Most Recent Average

khash · October 5, 2022, 4:48pm

Say I am storing CPU readings in a table, with a simple server_id, usage_idle and created_at (time).
I also have an index on server_id, created_at

Running the following query will give me the average of the CPU value for 5 minute time buckets:

SELECT server_id, time_bucket('5 minute', created_at) AS bucket, avg(usage_idle) AS avg_idle
FROM cpu
GROUP BY server_id, bucket
ORDER BY bucket DESC

How can I return the value of the last time bucket for each server? Having that, I can then create a continuous aggregate to hold and update those values and run regular queries against them for alerting and other purposes.

Note: I’m not married to the idea of using time buckets. Having an efficient way to get the latest rolling average of usage_idle across thousands of server is also ok, as long as I can define the rolling average by time period, and not the number of readings (the readings are on a regular frequency, but not guaranteed)

James · October 11, 2022, 11:16am

Hi Khash - sorry about the delay!

Correct me if I’m wrong, but are you just looking for {server_id, avg(usage_idle)} for the previous 5 mins?

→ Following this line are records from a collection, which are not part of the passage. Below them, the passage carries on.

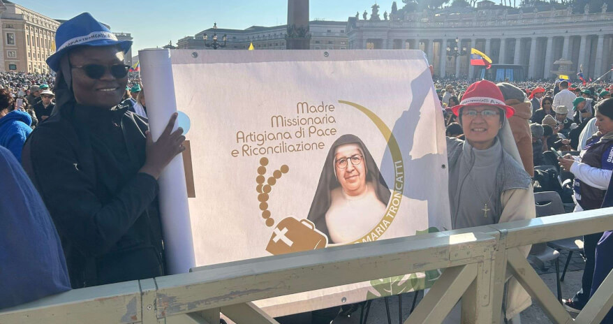 Nella mattinata del 15 ottobre 2025, il Sig. Juwa Juank Kankua Bosco, miracolato per intercessione di Suor Maria Troncatti, è giunto dall’Ecuador a Roma, nella Casa Generalizia dell’Istituto FMA, per assistere alla Canonizzazione di Suor Maria, il 19 ottobre in Piazza San Pietro, e alle celebrazioni che accompagnano l’evento. Insieme a lui hanno viaggiato la moglie Natalina, il figlio, la cognata che aveva collocato sul letto dell’infermo l’immaginetta di Suor Troncatti, il cognato e alcune Figlie di Maria Ausiliatrice dell’Ispettoria Sacro Cuore (ECU) – tra cui l’Ispettrice, suor Lupe Erazo, suor Cruz María Piña Peláez, l’Ispettrice precedente che ha seguito il caso, fornendo gli aiuti necessari, e suor Elena Tinitana, membro del Tribunale canonico che ha seguito il processo di Canonizzazione – accolti con gioia da Madre Chiara Cazzuola e dalle Consigliere generali, dalla Direttrice, dalla Vicaria e da diverse Fma della Comunità di Casa Generalizia. Grande commozione ha suscitato la sosta in preghiera nella Cappella, dinanzi alla reliquia di Suor Maria Troncatti, alla quale il Sig. Juwa si è rivolto con affetto filiale: “Madrecita, Madrecita! Llegué!”. Madrecita, Madrecita, sono arrivato!
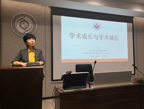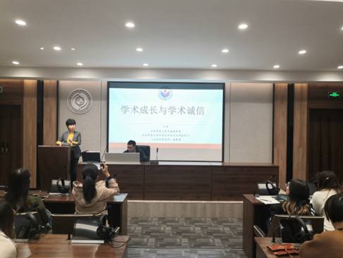 随后,王卓院长使用《诚实做学问》一书向同学们介绍了学术诚实三原则、三大引用基础原则等,她指出要在平时写作中注意学术规范,通过规范的引注来规避抄袭。
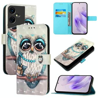 Θήκη τηλεφώνου από δέρμα με οριζόντιο άνοιγμα και τρισδιάστατη ζωγραφική για Tecno Camon 20 / 20 Pro 4G (Γκρι Κουκουβάγια)

If this is what you want you could do the following:

SELECT server_id, avg(usage_idle) AS avg_idle
FROM cpu
WHERE created_at > now() - interval '5 mins'
GROUP BY server_id;

However this is constantly moving, so you’ll get a different result each time you run it. What I think you might be asking for is to get the results for the last complete 5 min time bucket.

So if the current time is 5:32 then you would want the bucket from 5:25-5:30 (as the 5:30 - 5:35 bucket is still collecting data). If that’s the case then you could use something like:

SELECT 
     server_id,
     time_bucket('5 minute', created_at) AS bucket,
     avg(usage_idle) AS avg_idle
FROM cpu
WHERE 
    -- get the last complete time bucket only
    time_bucket('5 minute', created_at) = time_bucket('5 minute', now()-interval '5 min')  AND
   -- don't scan all the partitions and data to find it
    created_at > now() - interval '10 min'
GROUP BY server_id, bucket
ORDER BY server_id;

khash · October 11, 2022, 11:20am

Thank you James. A couple of questions:

Does this mean I don’t need continuous aggregates and can just use the time_bucket function in the WHERE clause of a query on the table?
How’s the efficiency of this query (I can see that you added the backstop to avoid scanning all partitions), since we’re going to need to run this for a lot of servers, many many times a minute. What are the pointers to make it efficient for this type of query.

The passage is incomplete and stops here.